Despite relatively stationary sales figures, Hong Kong’s DFI Retail Group has reported robust profit growth in the first half of the fiscal year. Sharing profits with shareholders saw an impressive rise of 39 per cent to US$105 million in the six months concluding on June 30. Additionally, subsidiary profits also marked an increase by 3 per cent, reaching $75 million.
The management cites several reasons for this significant growth. Enhanced profitability in health and beauty sectors, increased contributions from associates, and steady revenue growth trends are the primary contributors to this success. For the first half of the year, subsidiary revenue totalled $4.4 billion, a marginal increase of 0.3 per cent on a comparable basis. This figure excludes the impact of the increased cigarette tax in Hong Kong and the sale of the Hero Supermarket business in Indonesia the previous year.
Total revenue, accounting for 100 per cent of associates and joint ventures, noted a 1 per cent rise to $8.2 billion. The health and beauty division experienced a 4 per cent rise in sales, highlighting the growing brand value of Mannings and Guardian.
On the other hand, the convenience segment, operating 7-Eleven stores in Hong Kong, Macau, Guangdong province, and Singapore, saw a 4 per cent revenue decline. The food division registered a slight dip in sales, not considering the sale of the Hero Supermarket.
The home furnishings division, which runs Ikea in Hong Kong, Macau, Taiwan, and Indonesia, continues to face challenges due to fierce competition and changes in consumer purchasing patterns.
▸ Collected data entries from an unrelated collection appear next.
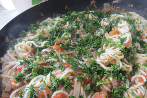 Take the tuna out of the jar, drain the excess oil, and add it to the pan, mashing with a fork and keeping it at a light simmer for 2-3 minutes.
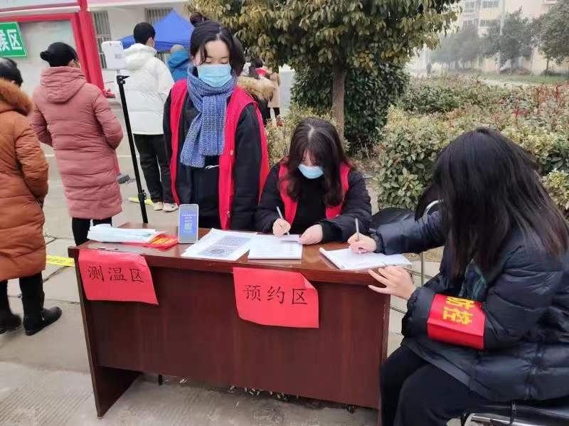 会计2101班蒋琳琳,2022年1月9日报名参加了河南省漯河市郾城区商桥镇大闫社区的大学生志愿服务活动。1月10日,她协助社区组织大闫社区的第一次核酸检测,她与其他志愿者一起维持现场秩序,帮助村民登记信息,为村民答疑解惑,提醒村民做好防护,积极配合核酸检测工作。
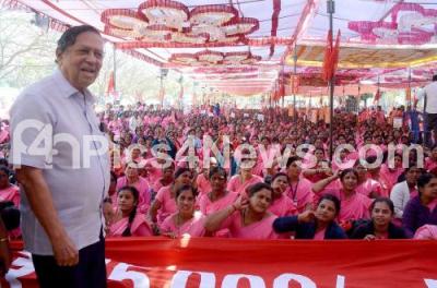 Photo Caption : Former Lokayukta of Karnataka Justice N Santosh Hegde during the members of ASHA (Accredited Social Health Activist) workers in support of AITUC protesting demanding the state and central government fix honorarium of rupees 15000 per month for Asha workers and other demands, at Freedom Park, in Bengaluru on Wednesday 8th January 2025
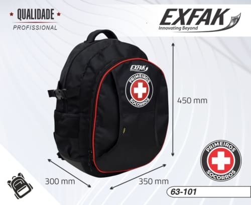 Mochila personalizada Exfak Primeiros Socorros Dois compartimentos com zíperes, dois bolsos laterais, amplo espaço interno e alça reforçada nas costas.
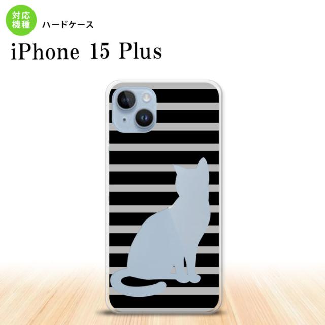 iPhone15 plus iPhone15 plus スマホケース 背面ケース ハードケース 猫 ボーダー A 黒 2023年 9月発売 nk-i15pl-961
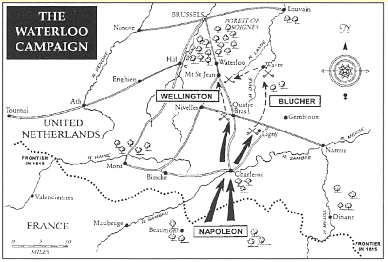 Napoleons Plan für den Feldzug von 1815 war es, mit seiner Armee zwischen den Kantonierungsgebieten der Anglo-Alliierten und der Preußischen Armee in Richtung Brüssel vorzustoßen, dabei die Verbündeten voneinander zu trennen und einzeln in zwei Schlachten zu besiegen.
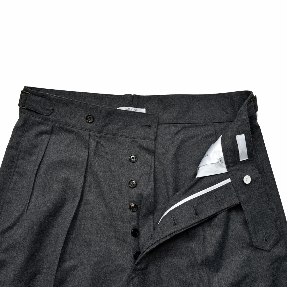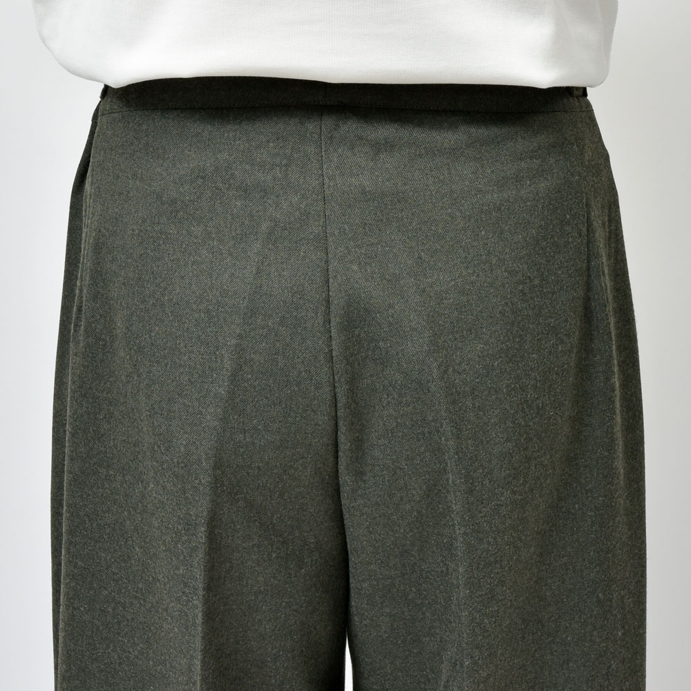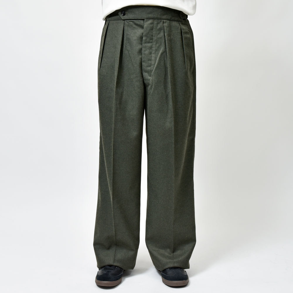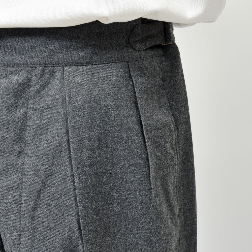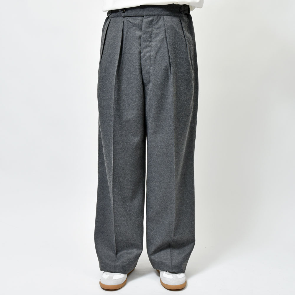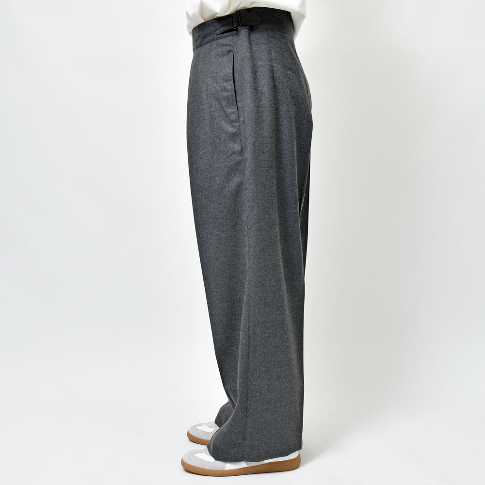 バックポケットなし、サイドアジャスター、2インプリーツ、字面だけ見ると結構クラシックなパンツという感じですが、実際のものに関しては今の気分にフィットしたモダンなアイテムになっています。
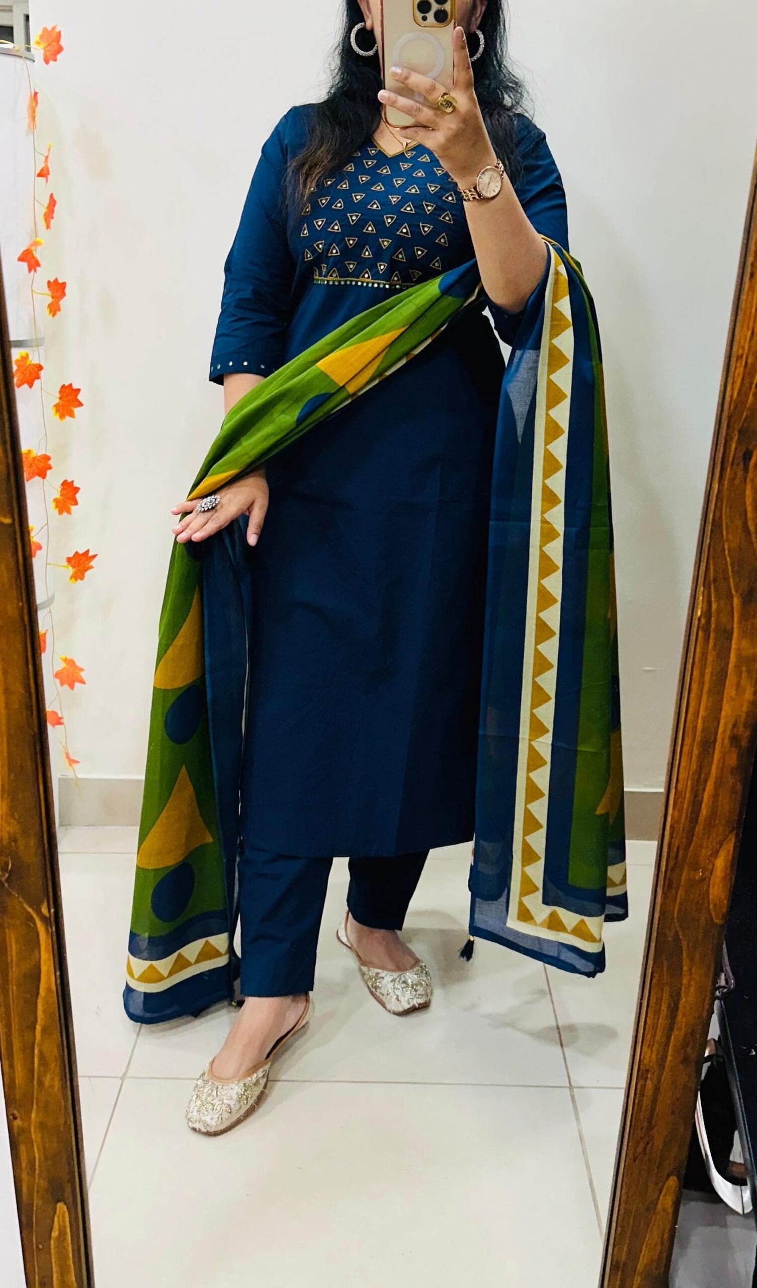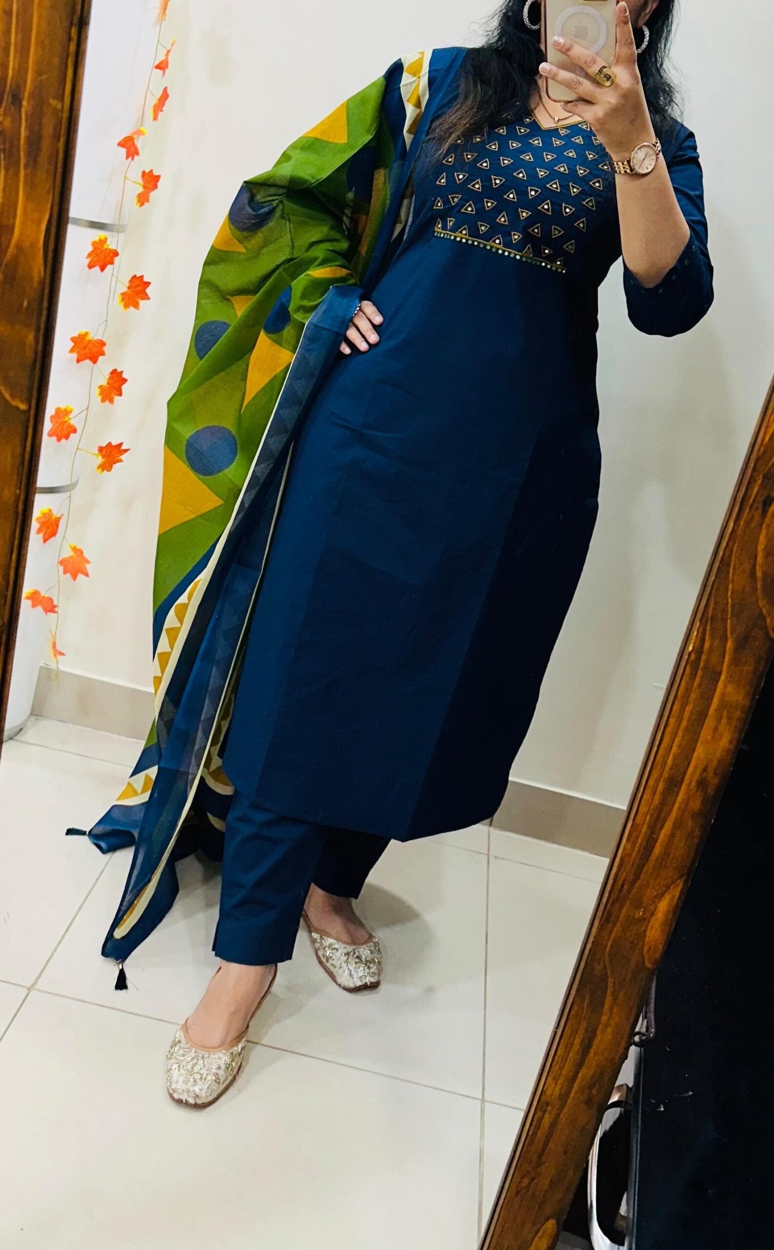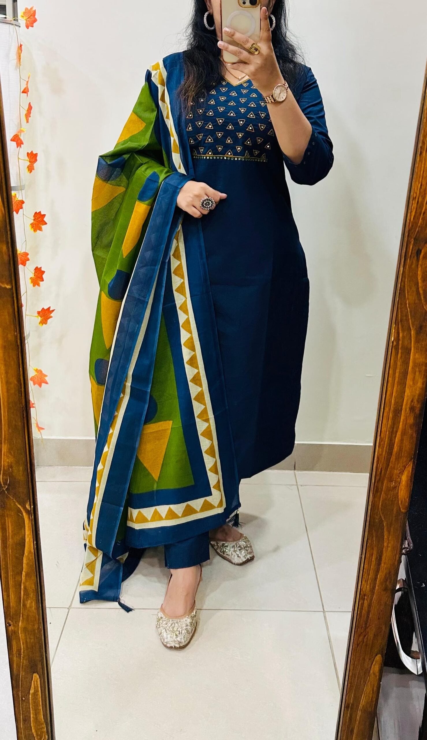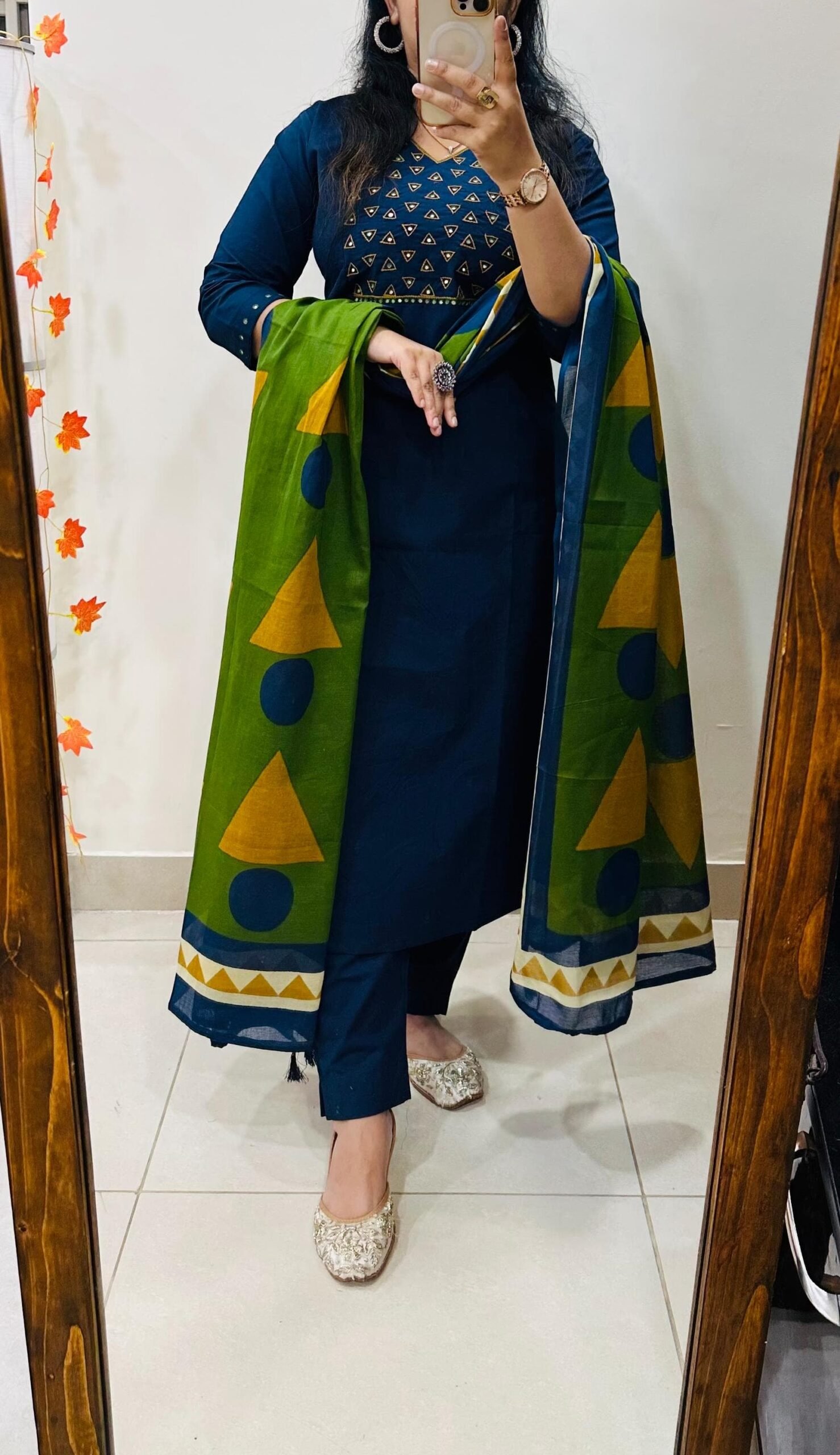 Stylish Ethnic Kurti Pant Set in Rich Cotton with Heavy Embroidery work in yoke sleeves and duppata with tussels
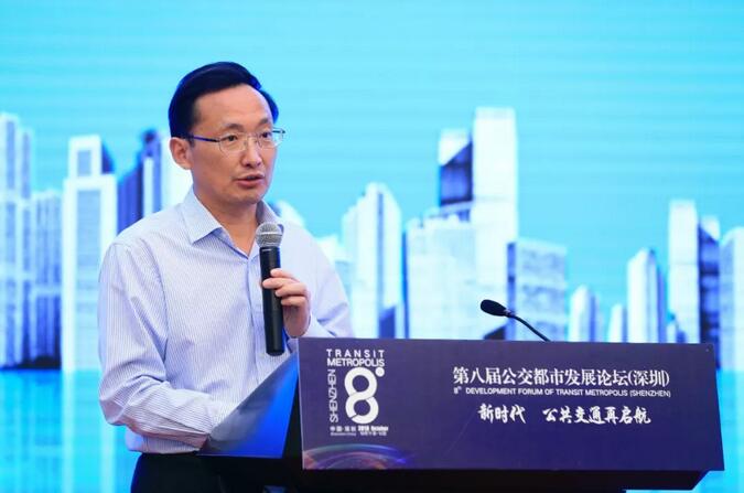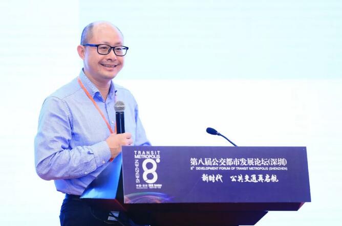 在主題演講環(huán)節(jié),首先上臺的是深圳市交通運輸委員會(市港務管理局)黨組成員、副主任徐忠平,他帶來《深圳公交都市發(fā)展的實踐與思考》的演講。
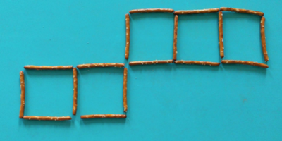 - Make 1 large and 4 small squares by removing (or eating!) exactly 4 pretzels.

“Our ongoing portfolio evolution allows us to focus resources on high-profit businesses and growth initiatives. It also provides strategic flexibility for non-organic opportunities,” remarked Group CEO Scott Price.
Despite lowering its revenue outlook for the full year, DFI has upgraded its profit guidance. Revenue growth is now anticipated to rise between 0.5-1 per cent, as opposed to the previously estimated 2 per cent. In contrast, an underlying attributable profit is expected to be within the range of $250-270 million, compared to the previously estimated $230-270 million.
The group asserts its confidence in navigating the evolving market landscape, backed by strategic initiatives designed to increase market share and profit growth across all businesses.
What was the reason for the significant profit growth?
Enhanced profitability in health and beauty sectors, higher contributions from associates, and steady revenue growth trends were the primary contributors to the growth.
How did the convenience segment perform?
The convenience segment, which operates 7-Eleven stores in various locations, reported a 4 per cent revenue decline.
What are the expectations for the full-year revenue growth and profit?
Revenue growth is now anticipated to rise between 0.5-1 per cent, while an underlying attributable profit is expected to be within the range of $250-270 million.